What is expected
This task calls for the lines below starting at the one containing "Según el Minsal, la" and ending at the one containing "Purple Fairy Door", repeated exactly with both ends kept and pictures left out.

Data for processing
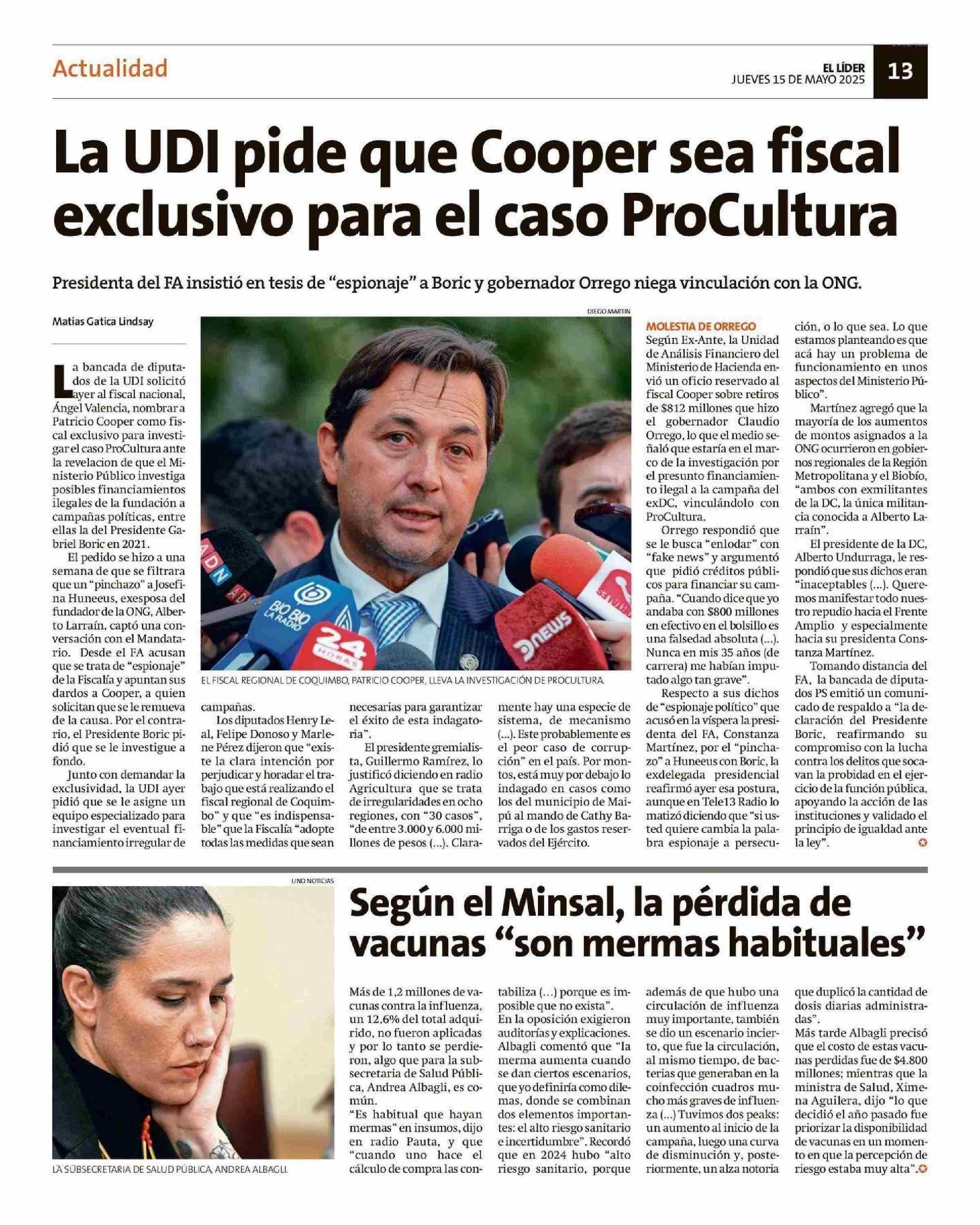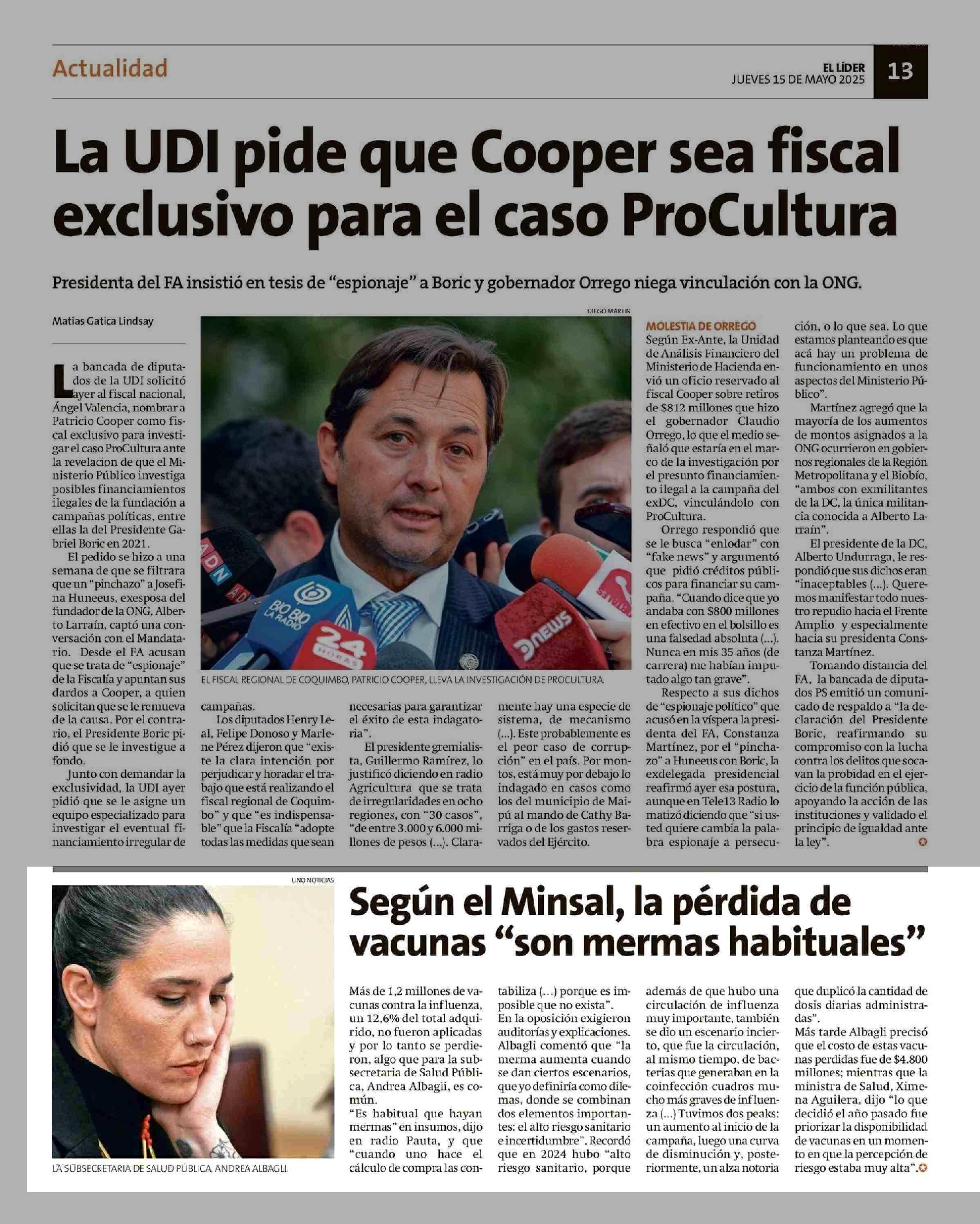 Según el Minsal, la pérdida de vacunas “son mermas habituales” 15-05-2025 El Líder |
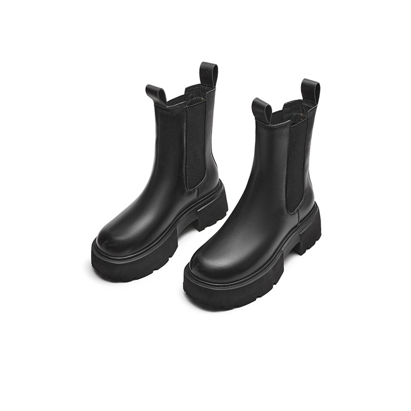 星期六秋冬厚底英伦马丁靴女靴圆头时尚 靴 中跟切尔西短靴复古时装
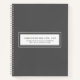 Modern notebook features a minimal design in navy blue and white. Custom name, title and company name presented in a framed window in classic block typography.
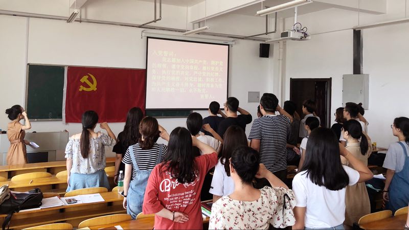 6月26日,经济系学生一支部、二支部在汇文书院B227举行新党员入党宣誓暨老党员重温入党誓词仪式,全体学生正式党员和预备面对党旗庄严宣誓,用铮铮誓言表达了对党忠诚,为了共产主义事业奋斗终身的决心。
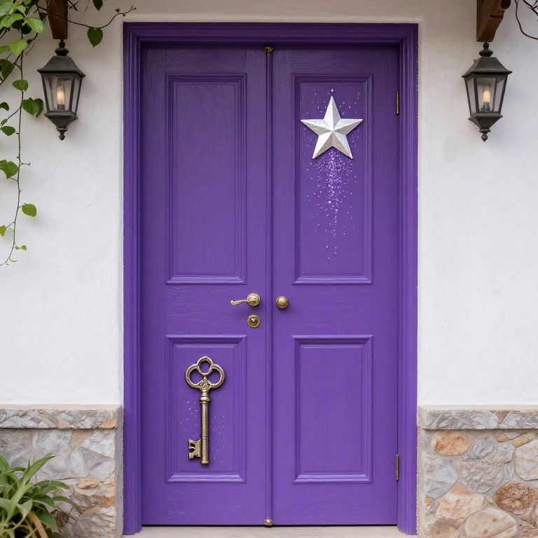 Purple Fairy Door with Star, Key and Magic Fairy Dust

---

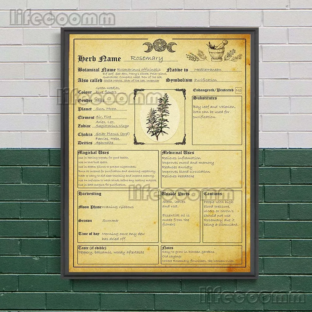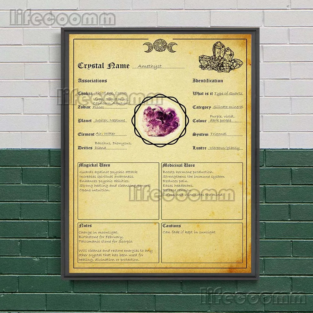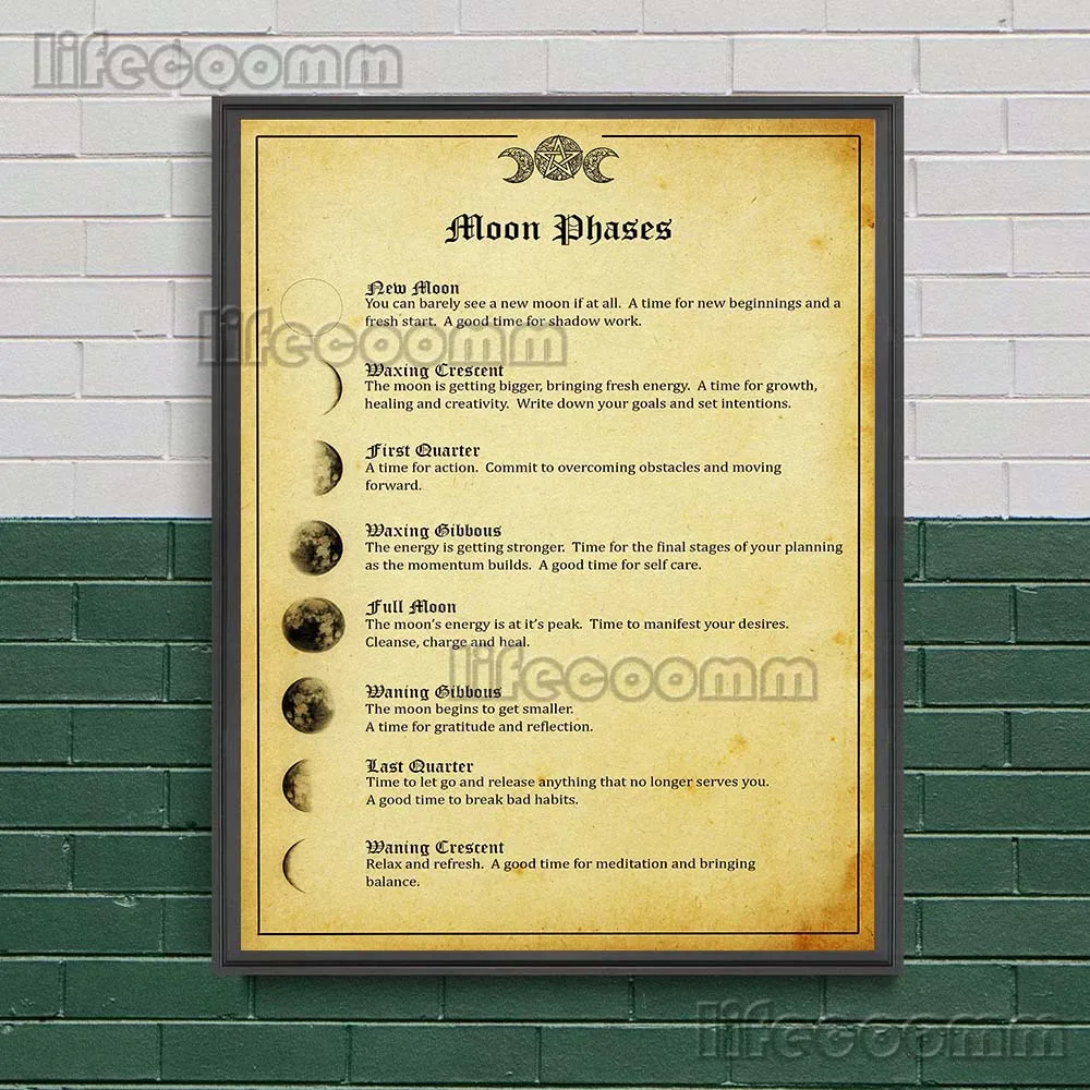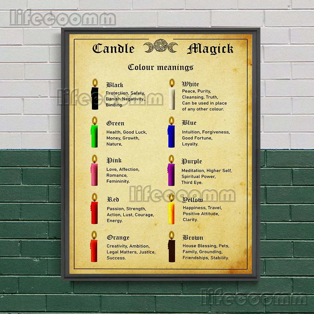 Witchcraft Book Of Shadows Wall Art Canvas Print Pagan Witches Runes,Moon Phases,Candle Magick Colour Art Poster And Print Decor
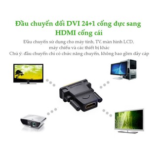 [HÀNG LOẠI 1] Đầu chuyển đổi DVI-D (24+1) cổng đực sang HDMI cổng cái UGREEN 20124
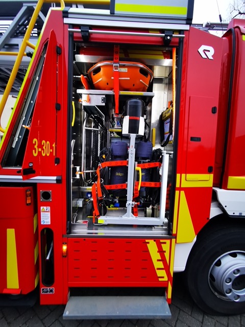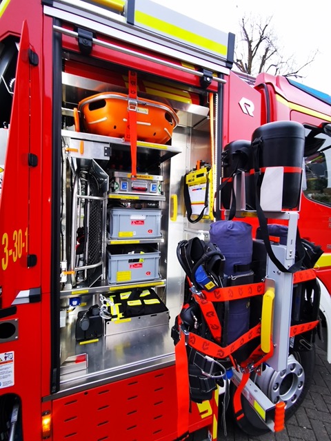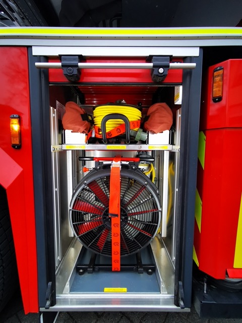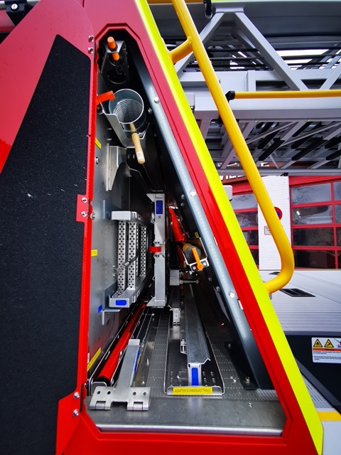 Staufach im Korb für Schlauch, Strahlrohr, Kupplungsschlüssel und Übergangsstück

Response
 Según el Minsal, la pérdida de vacunas “son mermas habituales” 15-05-2025 El Líder |
 星期六秋冬厚底英伦马丁靴女靴圆头时尚 靴 中跟切尔西短靴复古时装
 Modern notebook features a minimal design in navy blue and white. Custom name, title and company name presented in a framed window in classic block typography.
 6月26日,经济系学生一支部、二支部在汇文书院B227举行新党员入党宣誓暨老党员重温入党誓词仪式,全体学生正式党员和预备面对党旗庄严宣誓,用铮铮誓言表达了对党忠诚,为了共产主义事业奋斗终身的决心。
 Purple Fairy Door with Star, Key and Magic Fairy Dust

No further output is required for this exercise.